Dataset entries:
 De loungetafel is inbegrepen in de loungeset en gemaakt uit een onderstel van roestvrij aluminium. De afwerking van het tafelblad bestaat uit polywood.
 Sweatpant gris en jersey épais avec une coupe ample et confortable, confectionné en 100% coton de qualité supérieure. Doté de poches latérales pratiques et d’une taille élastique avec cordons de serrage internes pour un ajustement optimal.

...

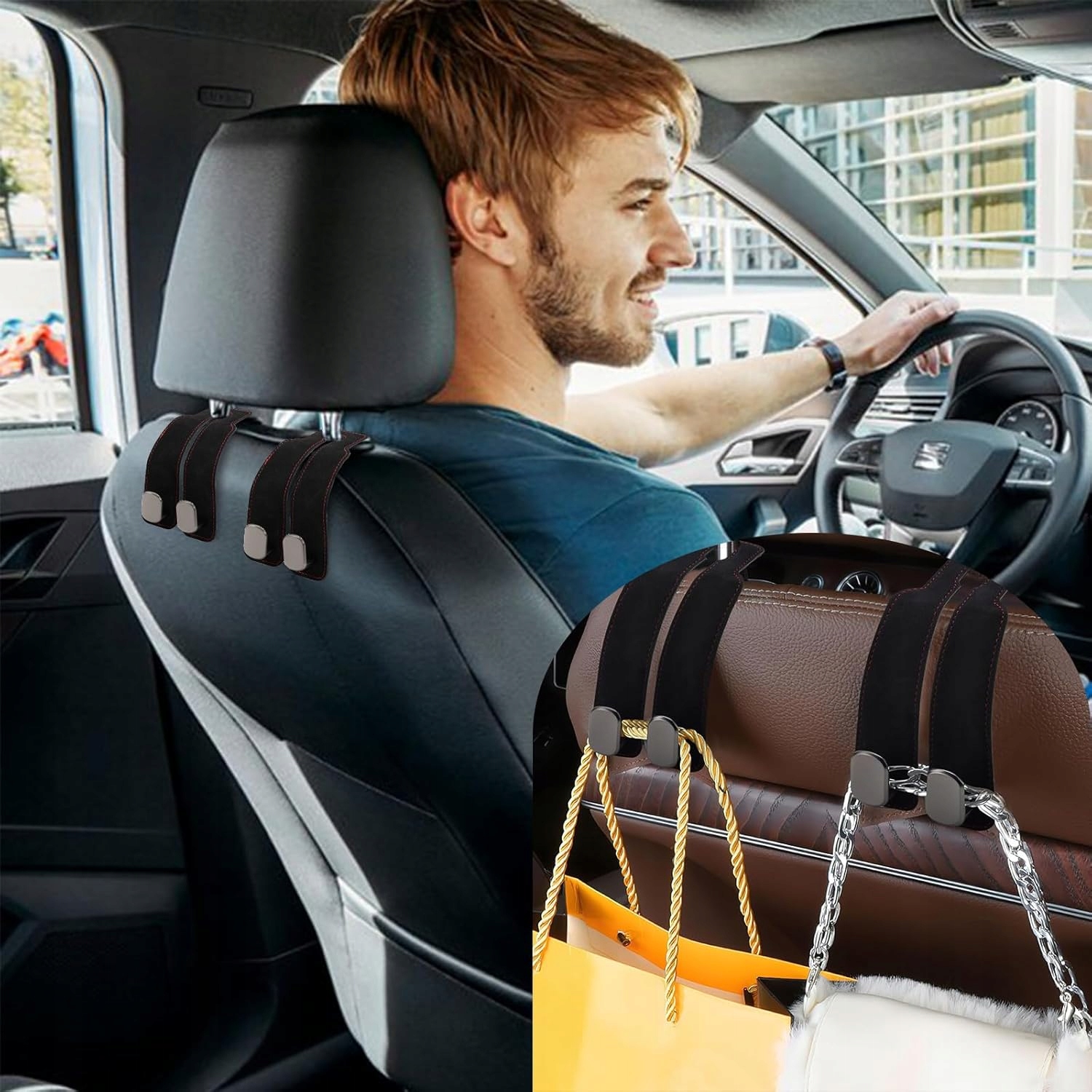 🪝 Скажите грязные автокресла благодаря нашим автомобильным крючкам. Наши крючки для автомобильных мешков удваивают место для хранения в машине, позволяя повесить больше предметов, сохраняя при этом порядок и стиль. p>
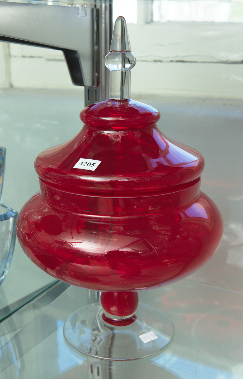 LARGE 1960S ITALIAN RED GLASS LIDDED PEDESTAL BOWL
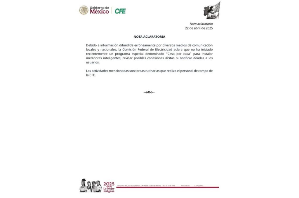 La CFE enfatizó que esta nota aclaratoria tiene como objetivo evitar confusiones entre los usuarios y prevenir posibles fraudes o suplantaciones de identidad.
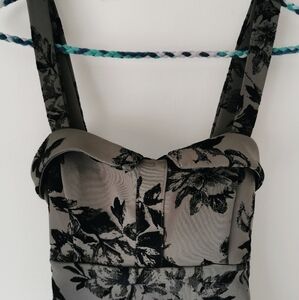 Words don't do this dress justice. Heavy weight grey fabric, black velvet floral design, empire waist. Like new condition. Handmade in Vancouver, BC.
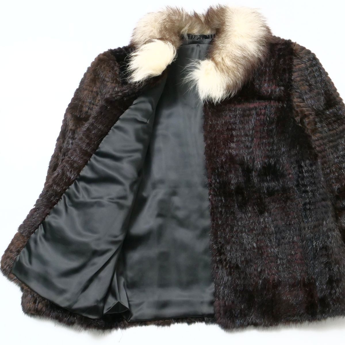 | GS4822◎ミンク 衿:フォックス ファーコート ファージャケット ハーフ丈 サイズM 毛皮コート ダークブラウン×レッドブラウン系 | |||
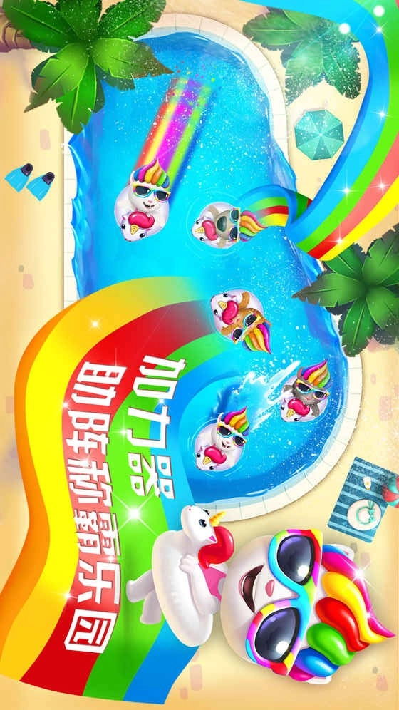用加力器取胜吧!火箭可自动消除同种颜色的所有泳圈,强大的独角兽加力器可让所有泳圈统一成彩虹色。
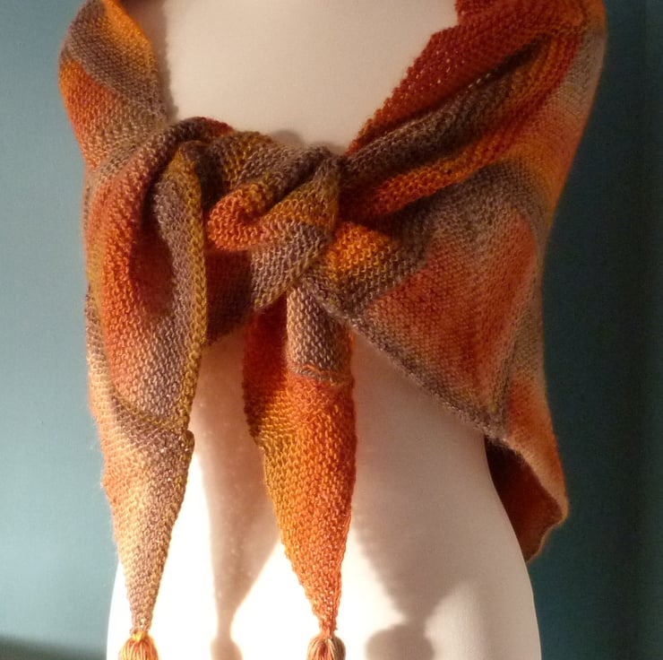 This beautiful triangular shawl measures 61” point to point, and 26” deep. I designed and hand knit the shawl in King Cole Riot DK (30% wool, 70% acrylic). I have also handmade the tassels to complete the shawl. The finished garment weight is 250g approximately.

--

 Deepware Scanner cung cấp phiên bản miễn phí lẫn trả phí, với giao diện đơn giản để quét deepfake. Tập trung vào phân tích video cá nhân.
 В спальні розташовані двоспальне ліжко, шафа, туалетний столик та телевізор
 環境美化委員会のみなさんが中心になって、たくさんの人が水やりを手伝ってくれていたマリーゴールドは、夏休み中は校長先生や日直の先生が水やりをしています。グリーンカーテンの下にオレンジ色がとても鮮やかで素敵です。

What this task involves:
Would you print exactly the lines in the listing above, from the line bearing "Words don't do" through the line bearing "用加力器取胜吧!火箭可自动消", leaving out all pictures?

Task result:
 Words don't do this dress justice. Heavy weight grey fabric, black velvet floral design, empire waist. Like new condition. Handmade in Vancouver, BC.
 | GS4822◎ミンク 衿:フォックス ファーコート ファージャケット ハーフ丈 サイズM 毛皮コート ダークブラウン×レッドブラウン系 | |||
用加力器取胜吧!火箭可自动消除同种颜色的所有泳圈,强大的独角兽加力器可让所有泳圈统一成彩虹色。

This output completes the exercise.